Product Documentation

Full-Text Search

Previous Topic

Next Topic

SQL full-text search examples using SIMPLE tokenizer

The SIMPLE tokenizer identifies each word using whitespace and/or punctuation. Then regardless of case, the tokenizer finds all matching words in the search. tokenizer is case insensitive.

A search string identifies each word using whitespace and/or punctuation and may use double quotes to identify a word or a phrase. Phrases contain two or more words within double quotes and may include whitespace between words. Punctuation, such as .!>, is ignored in the search string when it is not a full-text search operator. Reserved search operators include - " ^ * ( ) NEAR NEAR/n AND OR NOT; However, * ( ) OR NOT are not supported and will return an error when used.

/* =====================================================================

* Full-text search demo using the SIMPLE tokenizer.

* =====================================================================

*/

/* Create the testsearch table. */

CREATE TABLE testsearch

(

name VARCHAR(30)

, description VARCHAR(500)

)

STORAGE_ATTRIBUTES 'hotAlter; huge; rowid_fld; noRecbyt_idx;'

;

/* Create full-text index on the description field of the testsearch table.

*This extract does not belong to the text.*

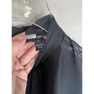 Greylin Womens Long Sleeve Mock Neck Sheer Blouse Size S Gray Back Zip Tie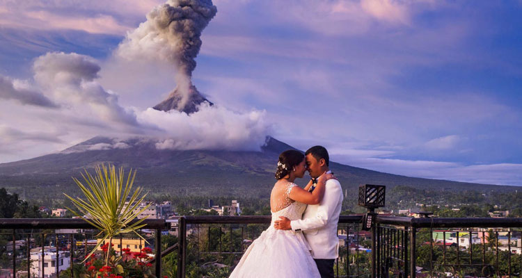 Vjenčanje u sijenci aktivnog vulkana, vjenčanica sa iskrama pepela (FOTO)

Use the PORTER English word stem tokenizer to do case insensitive matching of common word forms */

CREATE FULLTEXT INDEX testsearch_description_simple_fts

ON testsearch( description )

UPDATE_MODE ASYNC

;

/* Insert a record into the testsearch table. */

INSERT INTO testsearch

VALUES('Mike','Americans --love-- their __BASEball__ and <FOOTball>!')

;

/* Look at the record inserted into the testsearch table. */

SELECT description FROM testsearch;

/* =====================================================================

* The following queries find the inserted record

* by searching for words and phrases in the description field:

* 'Americans --love-- their __BASEball__ and <FOOTball>!'.

*

* The SIMPLE tokenizer reduces the text to

* 'americans love their baseball and football'.

*

* The tokenizer identifies each word using whitespace and/or punctuation.

* The tokenizer is case insensitive.

* A search string identifies each word using whitespace and/or punctuation.

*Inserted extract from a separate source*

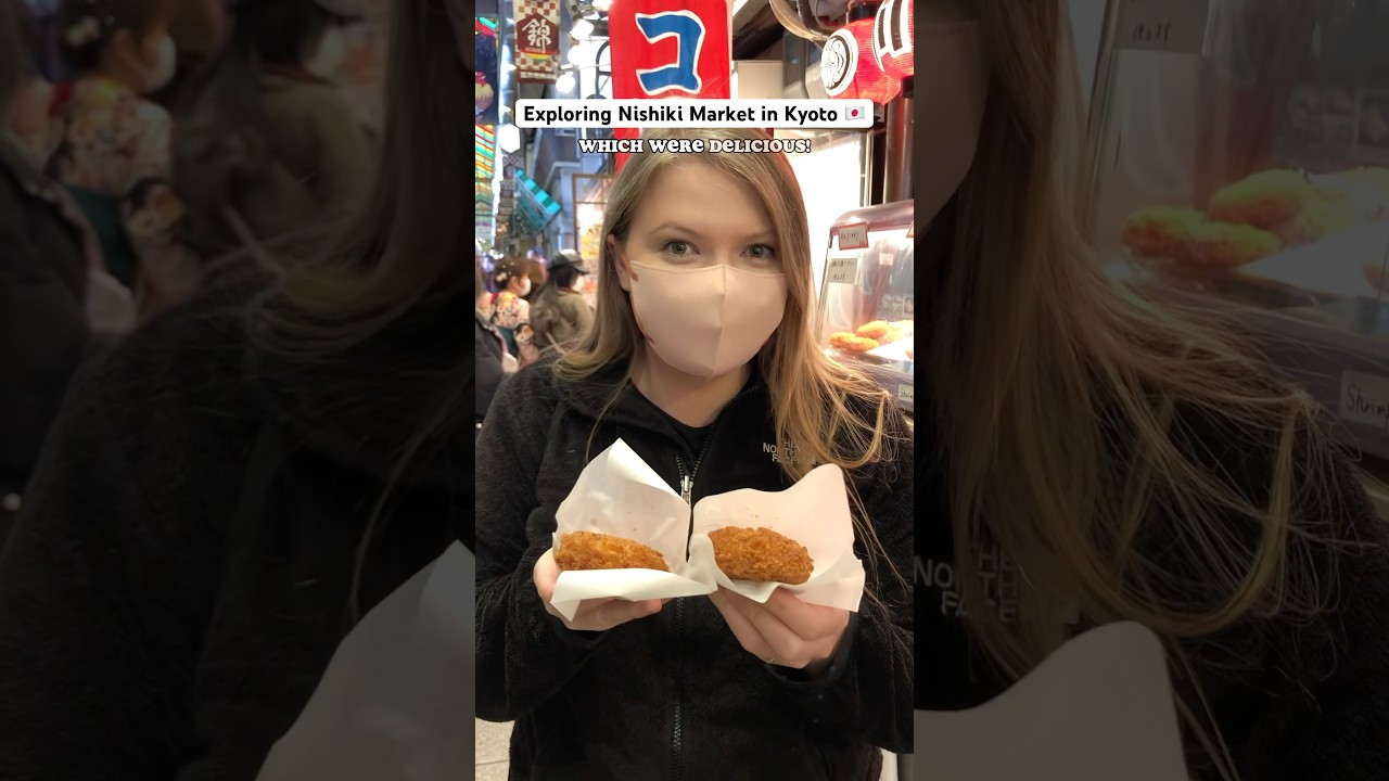 [Music] Nishiki Market is a narrow shopping street in Kyoto. Often referred to as Kyoto’s kitchen, this fresh food market is five blocks long in line with over 100 restaurants and shops. It’s a fun place to walk around, shop, and try some good food. We ended up getting the beef and potato croquettes, which were delicious. Take time to explore the market and enjoy all it has to offer. There are so many foods to try and shops to check out. Follow for more adventures around Japan. [Music]

* A search string may use double quotes to identify a word or a phrase.

* A phrase contains two or more words within double quotes.

* A search string may include any amount of whitespace between words.

* A search string may include

* Punctuation, such as .!>, is ignored in the search string

* when it is not a full-text search operator.

* Reserved search operators include - " ^ * ( ) NEAR NEAR/n AND OR NOT

* The following search operators are unsupported: * ( ) OR NOT

* The server returns an error when you use an unsupported search operator.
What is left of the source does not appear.